— Records shown —
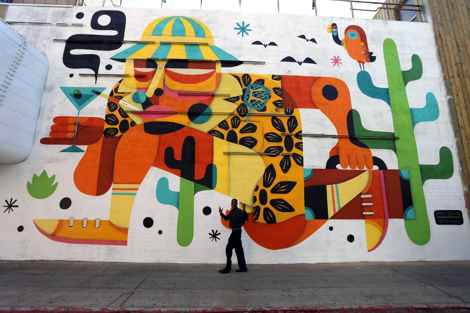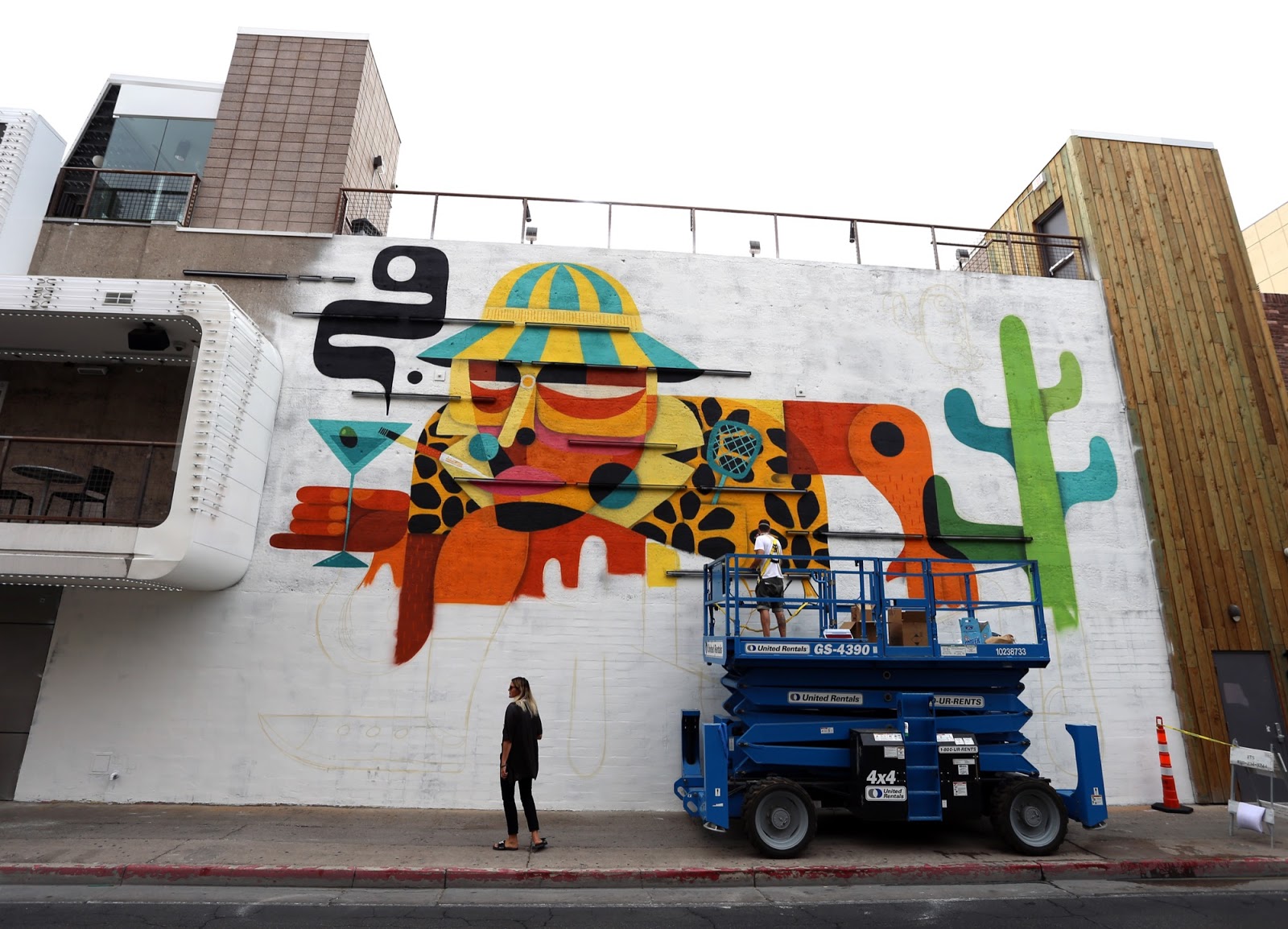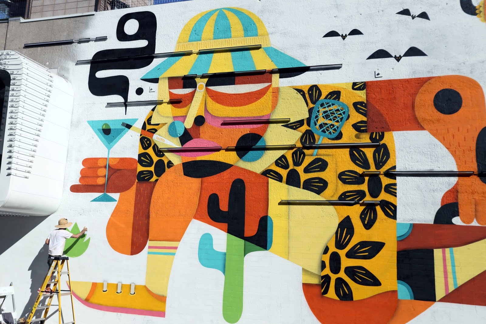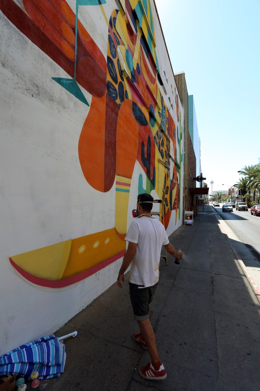 Fue invitado a Las Vegas por JustKids para colaborar en un mural en la parte lateral de un edificio.
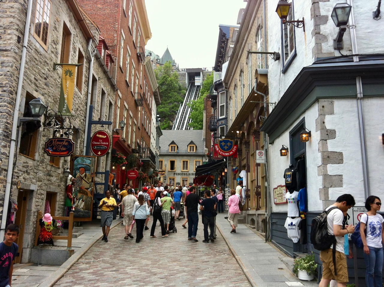 Petit Champlain, the oldest commercial district in North America, in front of the funicular up to Château Frontenac, the most photographed… yeah yeah you got it
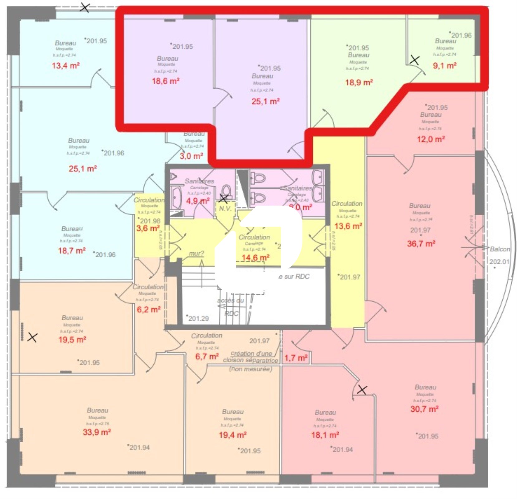 Bureaux | 1er étage | 74 m² | 110.00 | 35.00 |
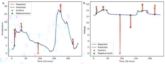 Figure 9 shows the found anomalies, along with their raw and replaced values for the panel temperature and operating voltage. Similar to Figure 7 and Figure 8, the horizontal axes represent the number of predicted and raw values in Figure 9. The anomaly detection results for the panel temperature are shown in Figure 9a. The anomalies are replaced by the predicted values, and the stacked LSTM predictor appears to be particularly accurate. Additionally, we evaluate the detection performance for the operating voltage using the stacked LSTM predictor. The performance of the anomaly detector can be seen clearly in Figure 9b. It is important to note that the stacked LSTM predictor-based anomaly detector is robust due to the advantages of stacked LSTM.
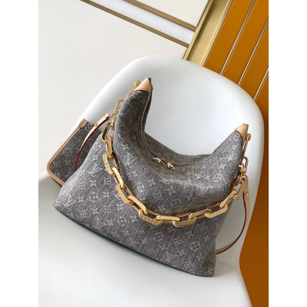M13390 쿠상 호보 MM 핸드백 Coussin Hobo MM Monogram Denim 유기농 면 소재, 검정·흰색 실로 짜여 빈티지한 워싱 처리 크로스, 숄더, 핸드 모두 착용 가능 스트랩: 탈부착 가능, 길이 조절 가능 스트랩 길이: 30cm (최대 50cm) 체인: 탈부착 가능 체인 길이: 30cm (최대 50cm) 사이즈: 38 x 33 x 10cm (가로x세로x폭) ㅡ #가방
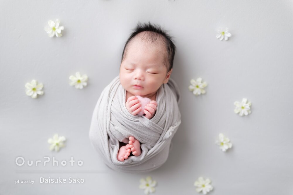 スムーズに撮影準備していただき、衛生面にも配慮いただきながらおくるみも丁寧に巻いていただけて安心して撮影をお願いできました。
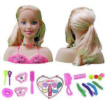 Makeup Pretend Playset for Children 17Pcs Hairdressing Styling Head Doll Makeup Toy Educational Toy Gift for Kids Girls
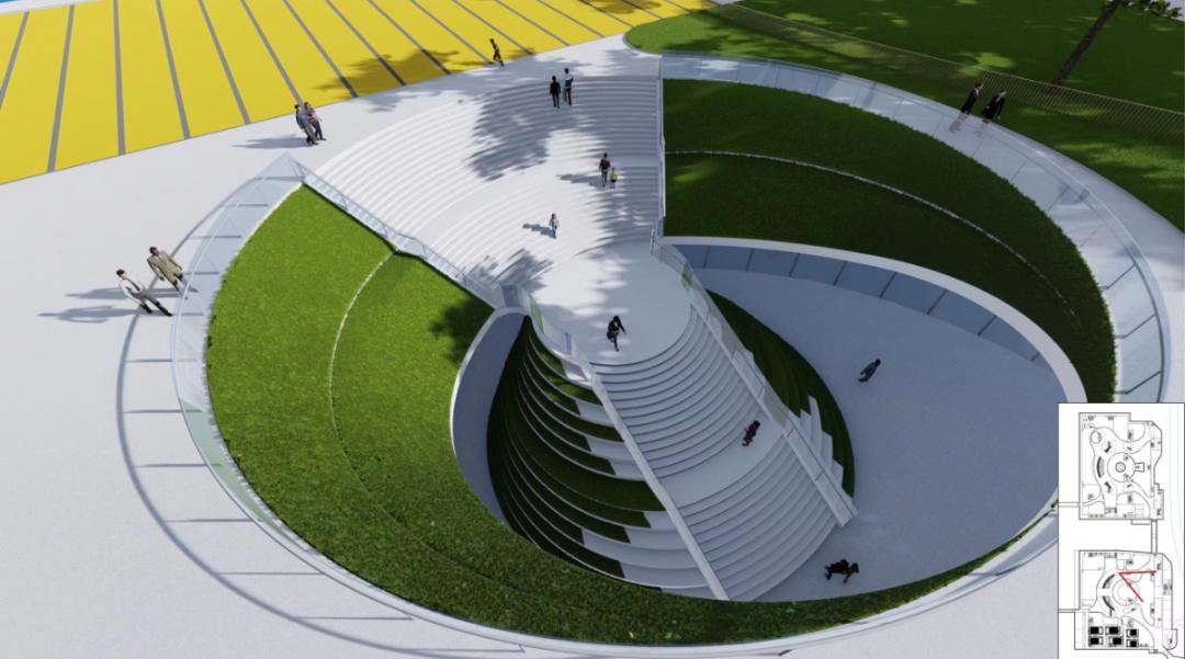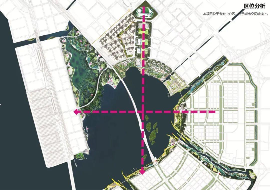 该项目与宝安中心区中央绿轴另一侧方形建筑宝安区图书馆、宝安青少年宫相互呼应,形成“天圆地方”整体格局,构成一个文化气息浓郁的生活空间,为市民提供多方位、多样化的文化体验。

— Your assignment —
Output the full material exactly as given, without its pictures.

— Result of this task —
 Fue invitado a Las Vegas por JustKids para colaborar en un mural en la parte lateral de un edificio.
 Petit Champlain, the oldest commercial district in North America, in front of the funicular up to Château Frontenac, the most photographed… yeah yeah you got it
 Bureaux | 1er étage | 74 m² | 110.00 | 35.00 |
 Figure 9 shows the found anomalies, along with their raw and replaced values for the panel temperature and operating voltage. Similar to Figure 7 and Figure 8, the horizontal axes represent the number of predicted and raw values in Figure 9. The anomaly detection results for the panel temperature are shown in Figure 9a. The anomalies are replaced by the predicted values, and the stacked LSTM predictor appears to be particularly accurate. Additionally, we evaluate the detection performance for the operating voltage using the stacked LSTM predictor. The performance of the anomaly detector can be seen clearly in Figure 9b. It is important to note that the stacked LSTM predictor-based anomaly detector is robust due to the advantages of stacked LSTM.
M13390 쿠상 호보 MM 핸드백 Coussin Hobo MM Monogram Denim 유기농 면 소재, 검정·흰색 실로 짜여 빈티지한 워싱 처리 크로스, 숄더, 핸드 모두 착용 가능 스트랩: 탈부착 가능, 길이 조절 가능 스트랩 길이: 30cm (최대 50cm) 체인: 탈부착 가능 체인 길이: 30cm (최대 50cm) 사이즈: 38 x 33 x 10cm (가로x세로x폭) ㅡ #가방
 スムーズに撮影準備していただき、衛生面にも配慮いただきながらおくるみも丁寧に巻いていただけて安心して撮影をお願いできました。
 Makeup Pretend Playset for Children 17Pcs Hairdressing Styling Head Doll Makeup Toy Educational Toy Gift for Kids Girls
 该项目与宝安中心区中央绿轴另一侧方形建筑宝安区图书馆、宝安青少年宫相互呼应,形成“天圆地方”整体格局,构成一个文化气息浓郁的生活空间,为市民提供多方位、多样化的文化体验。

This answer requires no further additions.